De plus, il y a un détail plus subtil et bien caché. Si Jésus, en accord avec la Loi, approuve l’exécution de cette femme, on pourra le dénoncer au pouvoir romain, qui non seulement ne reconnaissait pas la peine de mort pour l’adultère, mais il avait interdit aux juifs de mettre quelqu’un à mort. Souvenez-vous de ce que les juifs disaient à Pilate : « il nous est interdit de mettre quelqu’un à mort »(Jn 18,31).

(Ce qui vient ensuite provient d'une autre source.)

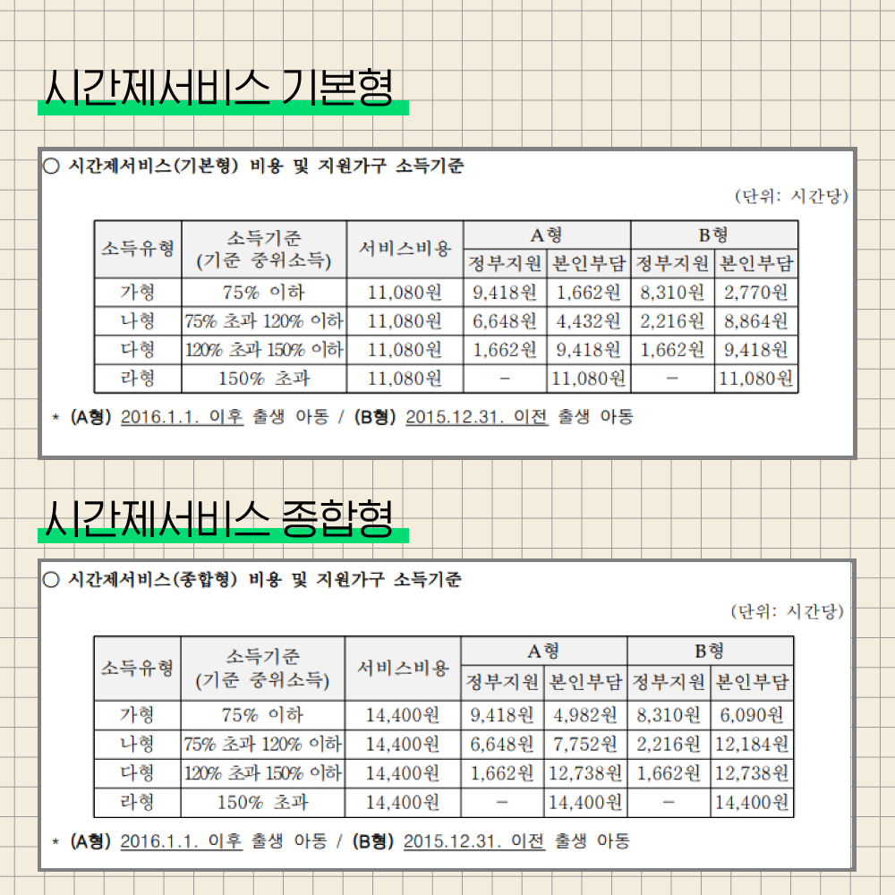 아이돌봄 서비스의 종류는 총 4가지이며 서비스별로 돌봄 지원대상의 연령이 상이합니다.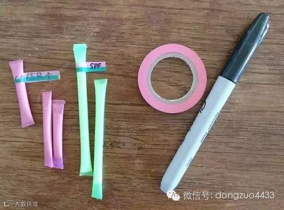 巧用吸管,让所有的乳液、护肤品、洗面奶量化到吸管里。最后不要忘记用彩色贴纸标注清楚里面装的是什么。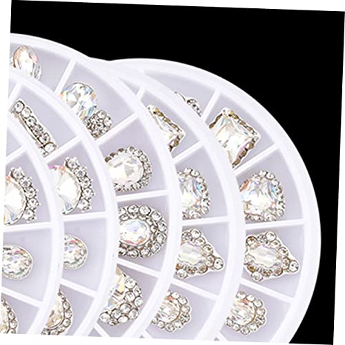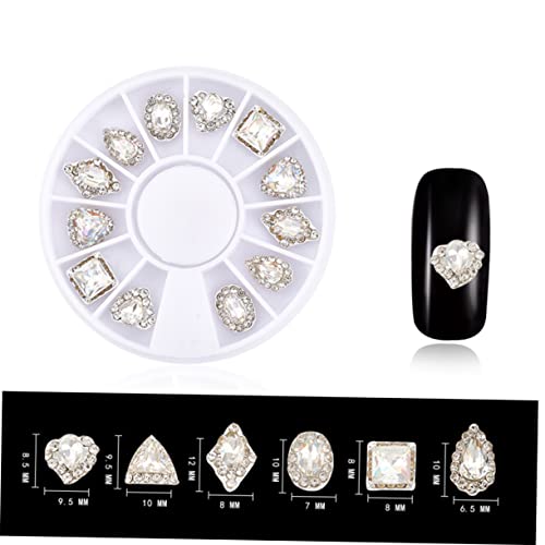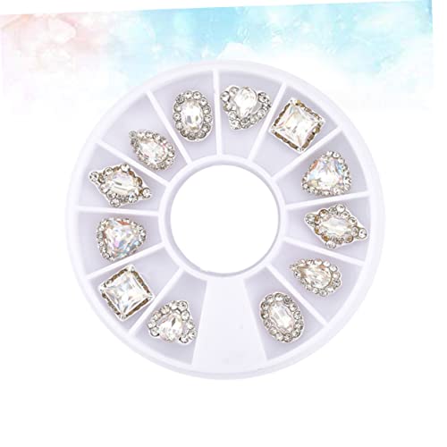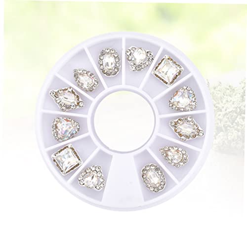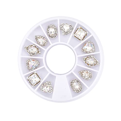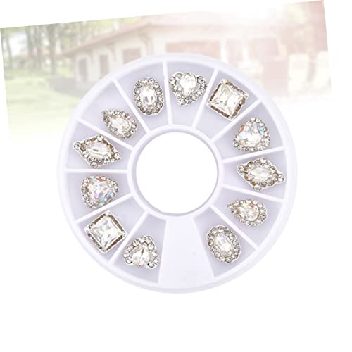 FOMIYES - فوميز. صندوق ديكور للاظافر، صندوق واحد من الكريستال لتزيين الاظافر، احجار الراين الفضية اللامعة للاظافر، احجار الراين لتزيين الاظافر بتصميم قرص دوار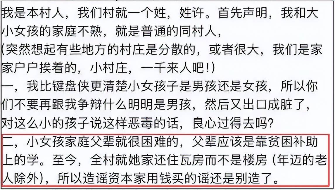 而后,有网友翻出早前村民为10岁女童澄清的消息,当中一些爆料细节与通报相互呼应。有村民称村里一共一千来人,10岁女童家庭从父辈起就生活困难,父辈上学靠贫困补助,而今村里只有他们家还住瓦房,其他人都住楼房,特别强调个别老人除外。

Donc, c’est un coup bien monté et Jésus serait perdant dans tous les cas. En réalité, dans ce cercle des accusateurs, il n’y a pas que la femme. Jésus y est aussi et à la place de l’accusé non du juge.
Mais Jésus semble ne pas réagir au problème qu’on lui expose. Son attitude en dit long : „S’étant baissé et, du doigt, il écrivait sur la terre”. C’est la seule fois qu’il écrit. On ne saura pas ce qu’il écrit. Saint Jérôme dira plus tard qu’il écrivait les péchés des accusateurs de cette femme.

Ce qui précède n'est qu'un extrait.